What about GameResources.LoadPrefab? It looks like things such as characters are loaded through PersistenceManager, but items and abilities that have been prepared in advance in the editor are loaded through GameResources.LoadPrefab. Or maybe they are connected and I haven't noticed. I assume after the prefab is loaded, it is cloned for each owner. There is code in LoadPrefab that involved specifically loading files ending in unity3d, but I can't see code like that in PersistenceManager.

GregRos commented 9 years ago

:DDDDDDDD

LOOK:

    [ModifiesType(nameof(GameResources))]
    public class mod_GameResources : GameResources {
        [NewMember]
        [DuplicatesBody(nameof(LoadPrefab))]
        public static T orig_LoadPrefab<T>(string filename, string assetName, bool instantiate)
        where T : Object{

            return default(T);
        }

        [ModifiesMember(nameof(LoadPrefab))]
        public static T mod_LoadPrefab<T>(string filename, string assetName, bool instantiate)
            where T : Object {
            var prefab = orig_LoadPrefab<T>(filename, assetName, instantiate);
            var asGo = prefab as GameObject;
            var ab = asGo?.GetComponent<AttackBase>();
            if (ab != null) {
                IEDebug.Log($"Loaded prefab: {asGo.name}");
                if (ab.name.Contains("Fireball")) {
                    ab.AccuracyBonus = 100;
                }
            }
            return prefab;
        }
    }

Result

Obviously the interface needs to be well-designed, but it looks like this method has potential. If we just squat on the LoadPrefab method and create a dictionary of object ⇒ modification, we can apply modifications to any game object we can identify by name or partial name (as requirements demand, though this may require a different data structure). I just hope that objects actually have to pass through LoadPrefab to be created, and that this method isn't fragile in some way.

We can also return our own custom objects that we added to AbilityProgressionTable if the game tries to load their prefabs, so it doesn't try to find prefabs that don't exist.

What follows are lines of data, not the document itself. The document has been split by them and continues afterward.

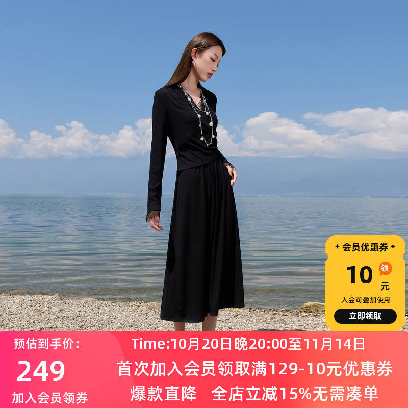三彩2025冬季新款蕾丝V领长袖收腰连衣裙A字裙长裙气质简约S
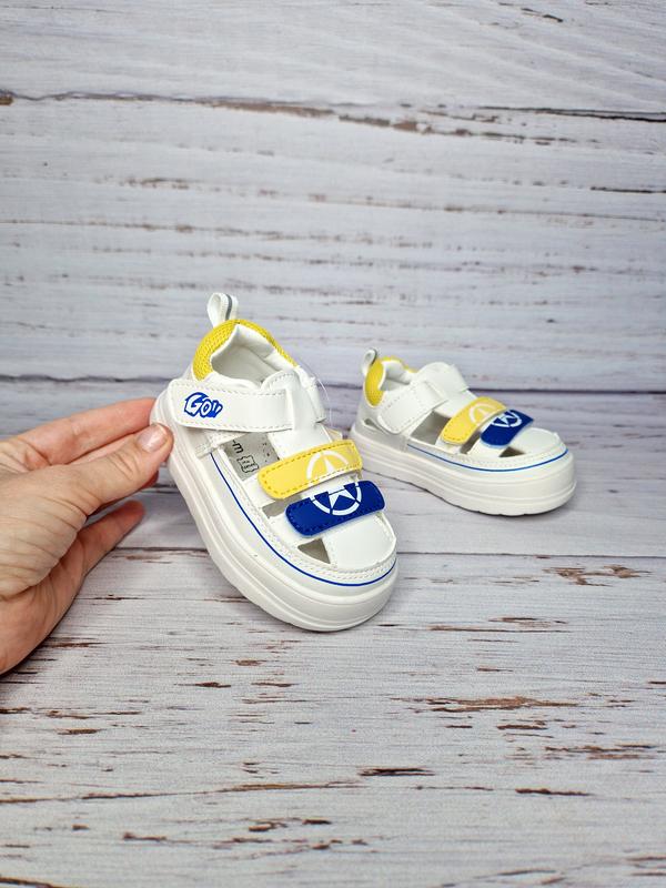 Босоніжки унісекс Tom. Код товару: 0694D Сезон: літо Колір: білий Матеріал внутрішній: шкіряна устілка з супінатором, що дихає. Матеріал зовнішній: якісна штучна шкіра Застібка: надійна застібка допомагає відрегулювати босоніжки на ніжці. Зручні для щоденних прогулянок, добре фіксують ногу, невагоми. " Розміри з 21 по 26 по устілці від краю до краю повністю: 21р. по устілці 13,5 см (в) 23р. по устілці 15,0 см 23р. по устілці 15,0 см 24 р. по устілці 15,5 см 24 р. по устілці 15,5 см 25р. по устілці 16,5 см 26р. по устілці 17,0 см
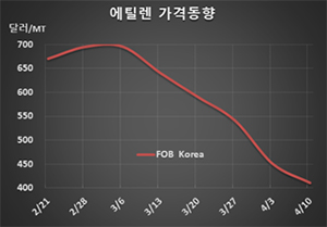 에틸렌 시세는 4월10일 FOB Korea가 톤당 410달러로 40달러 폭락했음에도 400달러대를 유지했으나 CFR SE Asia는 355달러로 65달러 폭락해 400달러가 무너졌다. CFR NE Asia는 410달러로 40달러 폭락했다.
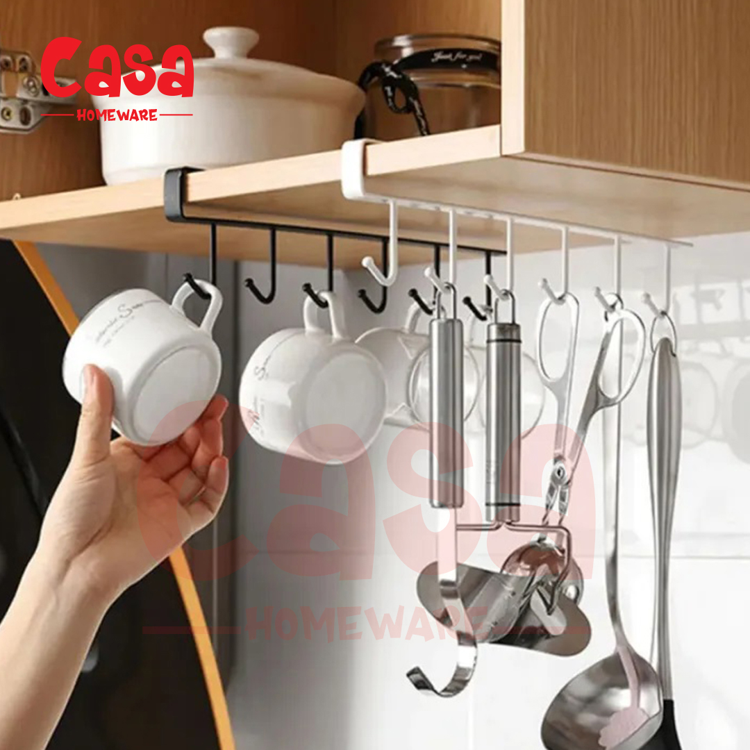 Metal 6 Hooks Hanger For Kitchen Mug Cup Storage Rack Cupboard Hanging Coffee Cup Organizer Closet Clothes Shelf Hanger Knife Spoons

Unfortunately, this method is not without its shortcomings. For example, it doesn't work with items that create Fireballs, probably because the item contains an embedded copy of a fireball that isn't actually related to the fireball spell prefab, it just shares the same image and stats.

See image

Oh, if you plan to run the code, pull IEMod and Patchwork because it revealed a bug in Patchwork that I fixed.

tjayharvey commented 9 years ago

I think they are connected. That's where I started but moved into PersistanceManager because I was never able to get that to work (all I did was put log messages in each one), but I may have gotten the wrong signature (there's a bunch in that file IIRC).

That's great news though.

tjayharvey commented 9 years ago

Ah, yes. I remember running into this error before and assuming that Patchwork just didn't work with generics and that I couldn't override this method. That must have been why I went looking for where the characters are loaded.

tjayharvey commented 9 years ago

Yep, I succesfully modified Soul Shock's "Extra AOE". Though I may have gone a BIT overboard on my first attempt (AOE size was practically the size of Cad Nua). I think I also missed the fact that you could use GetComponent to get the AttackBase out. That explains why there's no public access within the class, something that's not at all obvious from reading the class code. Good find. Thanks for the help. At least I learned a lot about the different components of attacks, which should make modifying them easier!

GregRos commented 9 years ago

Sure :)

It's all part of the confusing and mysterious world of Unity GameObject-Components. I read a little bit of how it works in the Unity scripting tutorial. By the way, unless you're sure you want to get nulls as the return, you should use my extension method Component because it throws informative exceptions if it can't find something. I think I may have said this before, but NullReferenceExceptions gave me so many headaches I just can't stress this enough.